Exercise instructions: Go through the entries below and print each one exactly, leaving out pictures.
Dataset extract section start
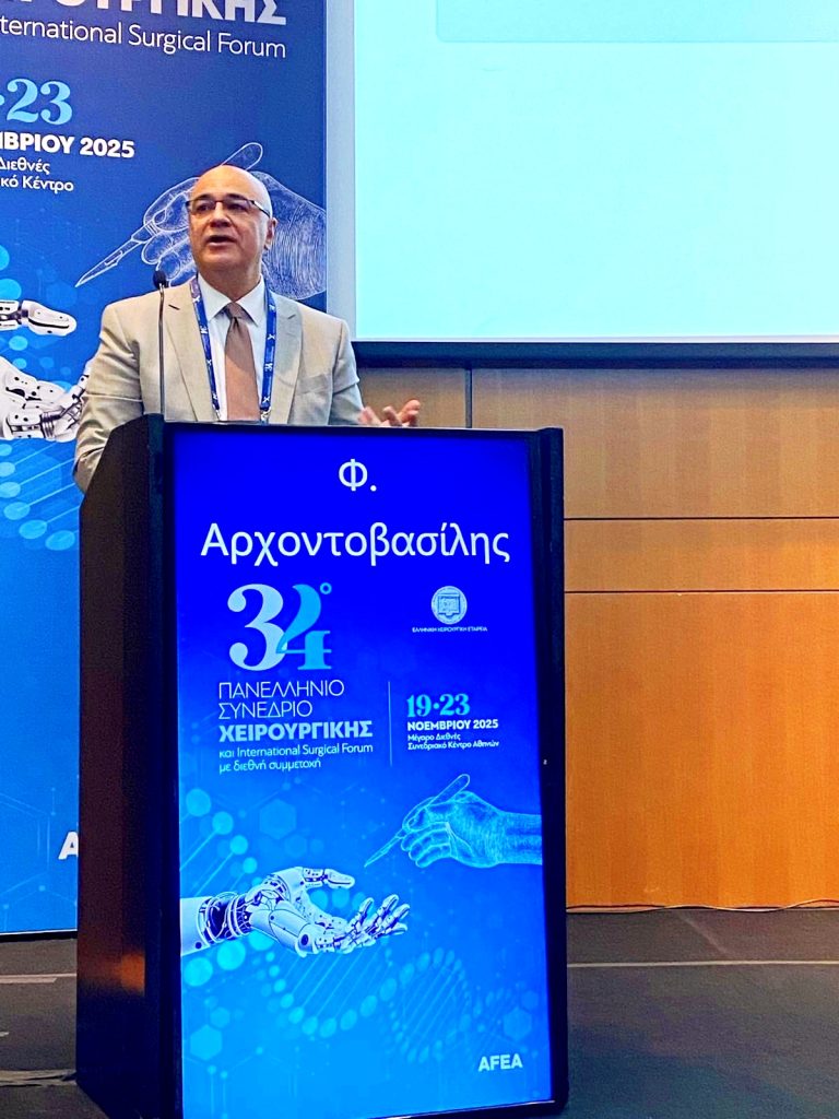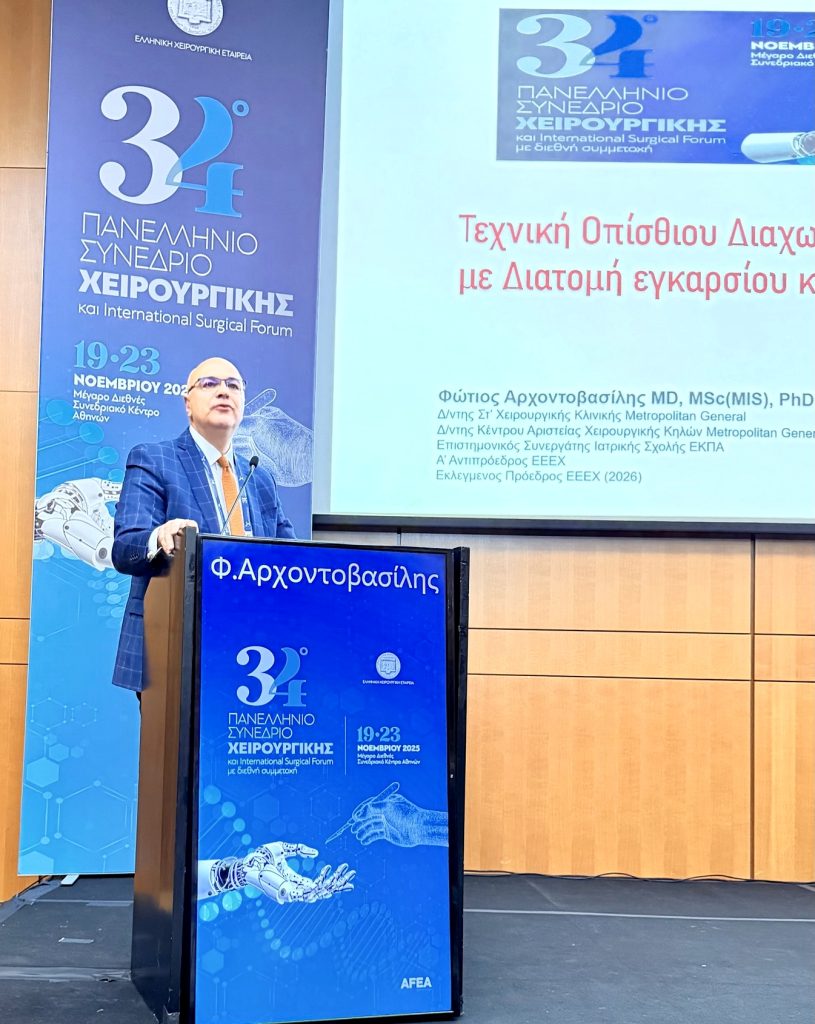 Ιδιαίτερη τιμή για τον Δρ. Φώτη Αρχοντοβασίλη η ενεργή συμμετοχή του στο 34ο Πανελλήνιο Συνέδριο Χειρουργικής & International Surgical Forum της Ελληνικής Χειρουργικής Εταιρείας, που πραγματοποιήθηκε από τις 19 έως τις 23 Νοεμβρίου στην Αθήνα. Στο πλαίσιο του Συνεδρίου παρουσίασε δύο ομιλίες με επίκεντρο τις κήλες του κοιλιακού τοιχώματος, έναν τομέα όπου η χειρουργική γνώση εξελίσσεται σταθερά και απαιτεί υψηλή εξειδίκευση.
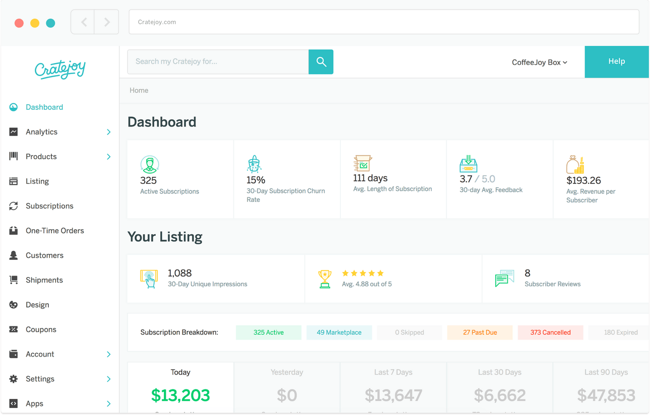 From analytics software, to website design tools, to keeping tabs on shipment, Cratejoy is the perfect place for any subscription box owner to get their business known and get their goodies out to all of their lovely customers!
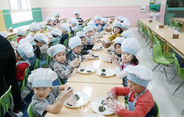 내포유치원(원장 지경옥)은 지난달 28일 급식실에서 전체 원아를 대상으로 ‘쑥떡 만들기’ 요리 활동을 실시했다. 내포유치원 관계자들은 유아들이 쑥과 쌀을 이용한 요리체험을 통해 봄을 느끼고 우리 쌀의 다양한 먹거리를 이해하길 바라며 이번 체험을 계획했다. 그리고 유아들의 건강한 식습관을 형성하기 위한 요리활동을 실시했다.
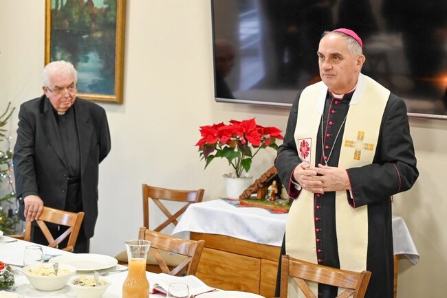 Z kapłanami, siostrami i pracownikami miejsca spotkali się biskupi – ordynariusz i senior Jan Tyrawa. -Przychodzi Maleńka – jakże Wielka Miłość. Przychodzi przytulić każdego z nas i powiedzieć szeptem do naszego ucha, wypowiadając nasze imię, kocham Ciebie, jesteś mi potrzebny, jesteś dla mnie ważny – mówił dyrektor Caritas Diecezji Bydgoskiej, ks. prałat Wojciech Przybyła, który przywitał zebranych.
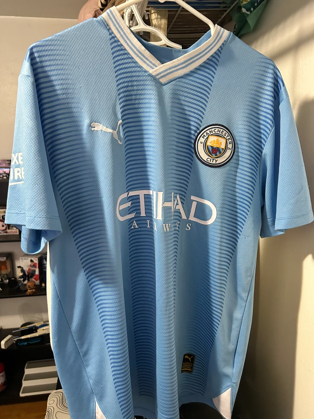 Selling a Manchester City jersey with Haaland's name and number 9 on the back! The jersey is a light blue colour, and made by Puma. It also features the Etihad logo on the front. A great jersey for any Man City fan! The number is cracking a bit
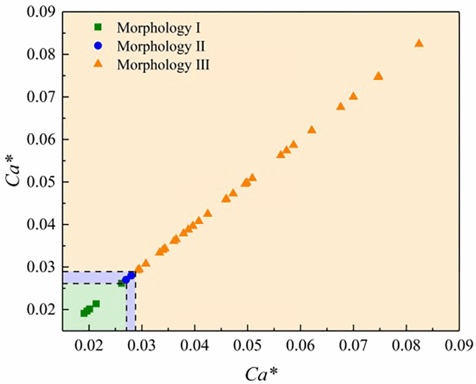 图8.液滴的形态图。横坐标和纵坐标为特征毛细数Ca*。
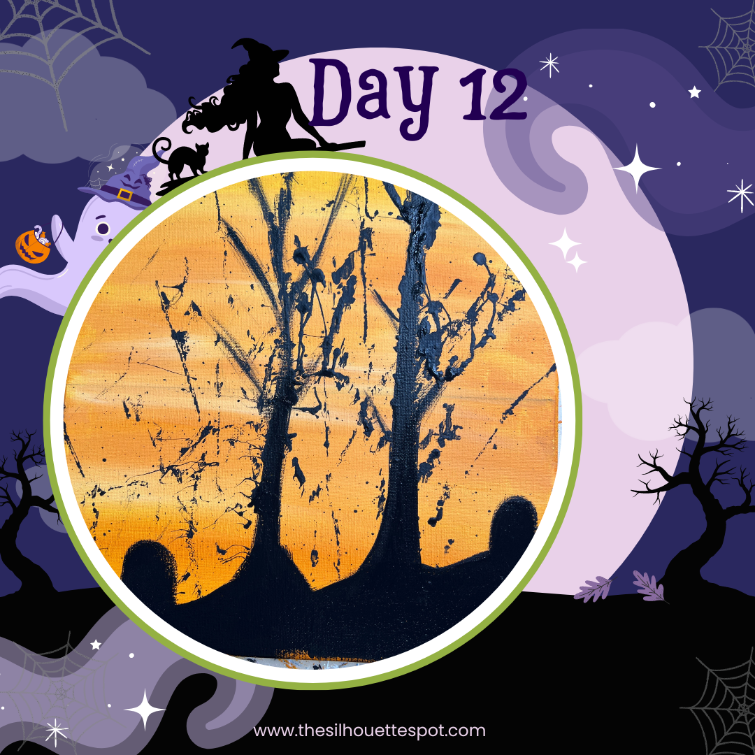Paint this spooky tree landscape with 3 colors and a tree branch!
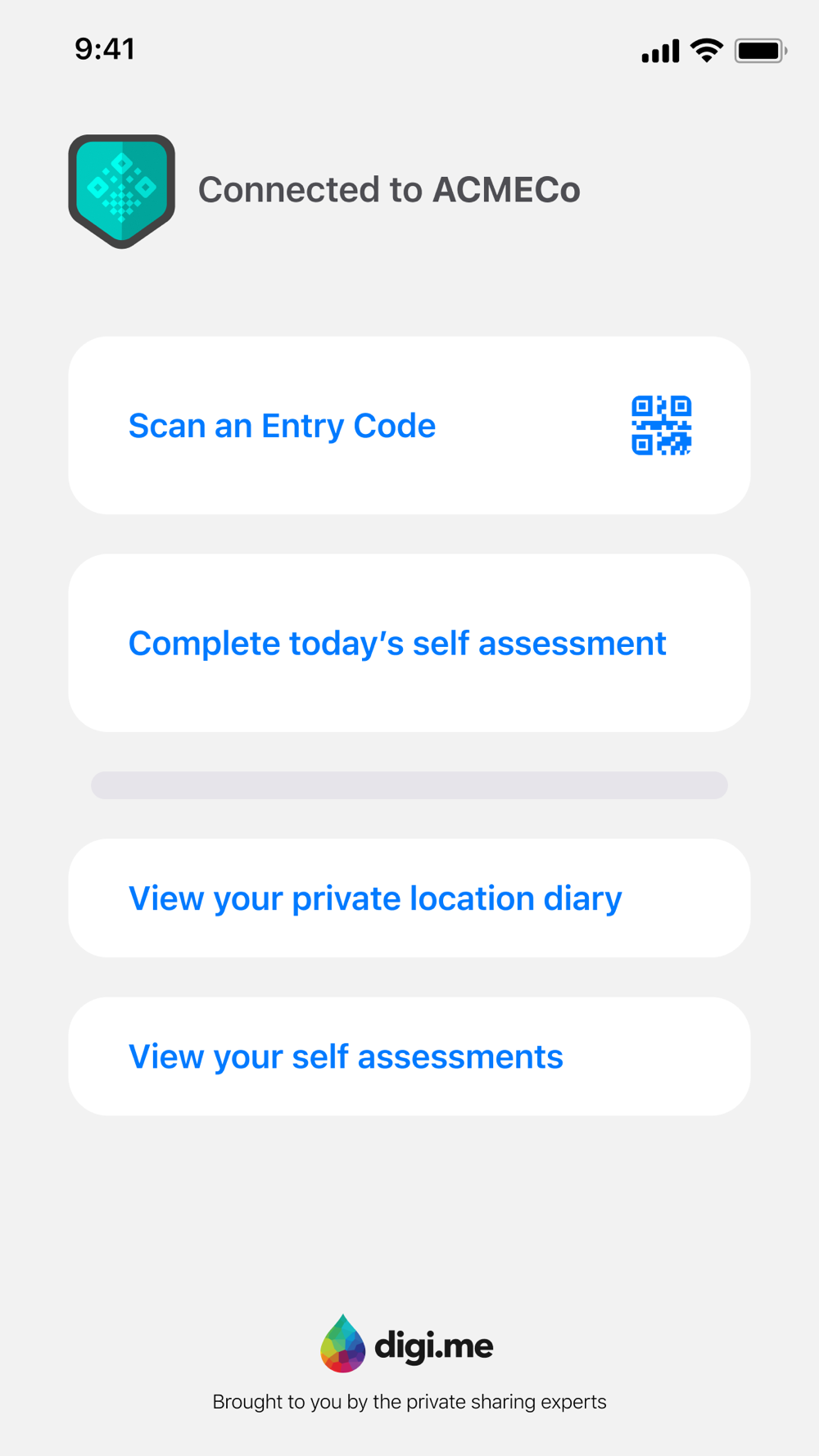 The Consentry app will also prompt you to complete a quick self-assessment every day. You will be asked if you would like to share your responses, anonymously, so your organisation can monitor general health trends and react accordingly.
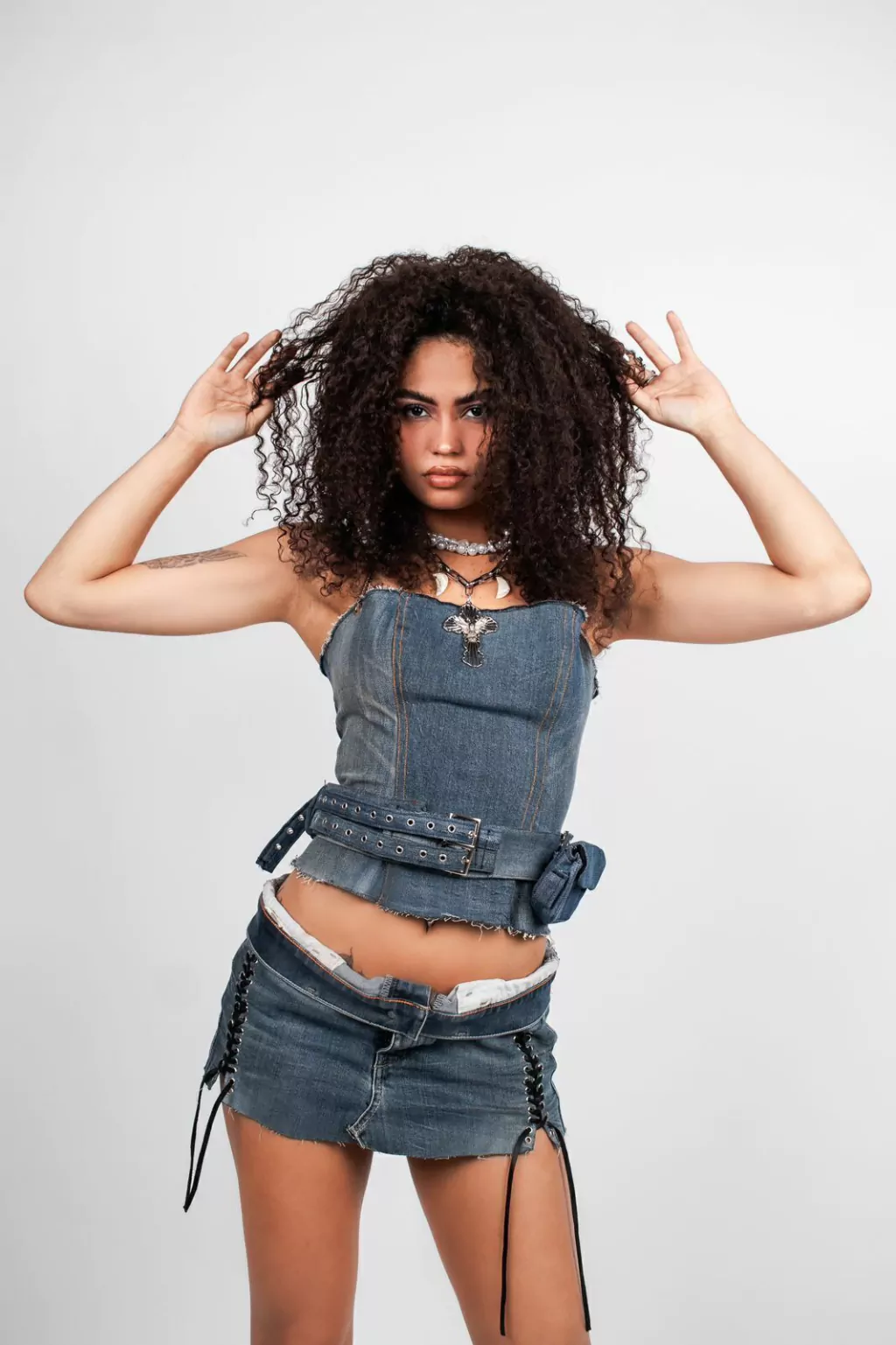 A peça que é puro poder! Corset feito de jeans upcycled, ele vem com um cinto super estiloso e uma bolsa removível. A corrente ajustável na parte de trás do Corset dá aquele brilho único, e o cinto com ilhós e fivelas duplica suas opções de uso. Dá pra usar o conjunto ou cada peça separada, você escolhe!
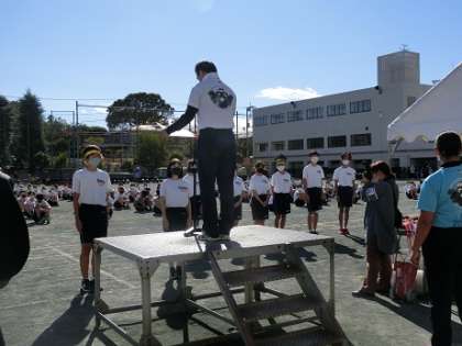 秋晴れの空の下、全力で走って跳んで、大成功の行事となりました。生徒一人一人の心に達成感や充実感があふれていることと思います。
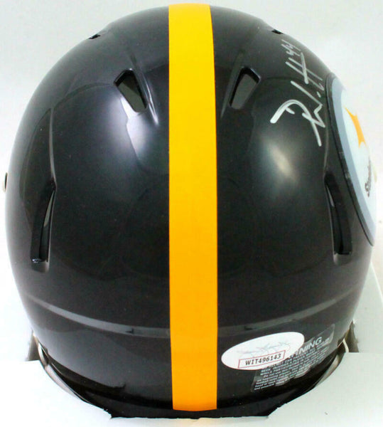 Derek Watt Autographed Pittsburgh Steelers Speed Mini Helmet - JSA W Auth *Silver This is a hand autograph of Derek Watt of the Pittsburgh Steelers on a Riddell Football Speed Mini Helmet. This item has a James Spence Witness Protection Authentication, which comes with a numbered sticker and a matching JSA Certificate of Authenticity. You can view this item on the SpenceLOA website and it shows when and where the item was signed. It was signed either at a public autograph appearance or a private signing. This is a stock photo of the item. Although you may not receive this exact item, the item you receive is virtually identical and brand new in great shape.
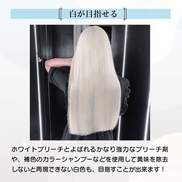 一度のブリーチ施術でより白い色に近い仕上がりが目指せます。
Dataset extract section end
Answer section:
 Ιδιαίτερη τιμή για τον Δρ. Φώτη Αρχοντοβασίλη η ενεργή συμμετοχή του στο 34ο Πανελλήνιο Συνέδριο Χειρουργικής & International Surgical Forum της Ελληνικής Χειρουργικής Εταιρείας, που πραγματοποιήθηκε από τις 19 έως τις 23 Νοεμβρίου στην Αθήνα. Στο πλαίσιο του Συνεδρίου παρουσίασε δύο ομιλίες με επίκεντρο τις κήλες του κοιλιακού τοιχώματος, έναν τομέα όπου η χειρουργική γνώση εξελίσσεται σταθερά και απαιτεί υψηλή εξειδίκευση.
 From analytics software, to website design tools, to keeping tabs on shipment, Cratejoy is the perfect place for any subscription box owner to get their business known and get their goodies out to all of their lovely customers!
 내포유치원(원장 지경옥)은 지난달 28일 급식실에서 전체 원아를 대상으로 ‘쑥떡 만들기’ 요리 활동을 실시했다. 내포유치원 관계자들은 유아들이 쑥과 쌀을 이용한 요리체험을 통해 봄을 느끼고 우리 쌀의 다양한 먹거리를 이해하길 바라며 이번 체험을 계획했다. 그리고 유아들의 건강한 식습관을 형성하기 위한 요리활동을 실시했다.
 Z kapłanami, siostrami i pracownikami miejsca spotkali się biskupi – ordynariusz i senior Jan Tyrawa. -Przychodzi Maleńka – jakże Wielka Miłość. Przychodzi przytulić każdego z nas i powiedzieć szeptem do naszego ucha, wypowiadając nasze imię, kocham Ciebie, jesteś mi potrzebny, jesteś dla mnie ważny – mówił dyrektor Caritas Diecezji Bydgoskiej, ks. prałat Wojciech Przybyła, który przywitał zebranych.
 Selling a Manchester City jersey with Haaland's name and number 9 on the back! The jersey is a light blue colour, and made by Puma. It also features the Etihad logo on the front. A great jersey for any Man City fan! The number is cracking a bit
 图8.液滴的形态图。横坐标和纵坐标为特征毛细数Ca*。
Paint this spooky tree landscape with 3 colors and a tree branch!
 The Consentry app will also prompt you to complete a quick self-assessment every day. You will be asked if you would like to share your responses, anonymously, so your organisation can monitor general health trends and react accordingly.
 A peça que é puro poder! Corset feito de jeans upcycled, ele vem com um cinto super estiloso e uma bolsa removível. A corrente ajustável na parte de trás do Corset dá aquele brilho único, e o cinto com ilhós e fivelas duplica suas opções de uso. Dá pra usar o conjunto ou cada peça separada, você escolhe!
 秋晴れの空の下、全力で走って跳んで、大成功の行事となりました。生徒一人一人の心に達成感や充実感があふれていることと思います。
 Derek Watt Autographed Pittsburgh Steelers Speed Mini Helmet - JSA W Auth *Silver This is a hand autograph of Derek Watt of the Pittsburgh Steelers on a Riddell Football Speed Mini Helmet. This item has a James Spence Witness Protection Authentication, which comes with a numbered sticker and a matching JSA Certificate of Authenticity. You can view this item on the SpenceLOA website and it shows when and where the item was signed. It was signed either at a public autograph appearance or a private signing. This is a stock photo of the item. Although you may not receive this exact item, the item you receive is virtually identical and brand new in great shape.
 一度のブリーチ施術でより白い色に近い仕上がりが目指せます。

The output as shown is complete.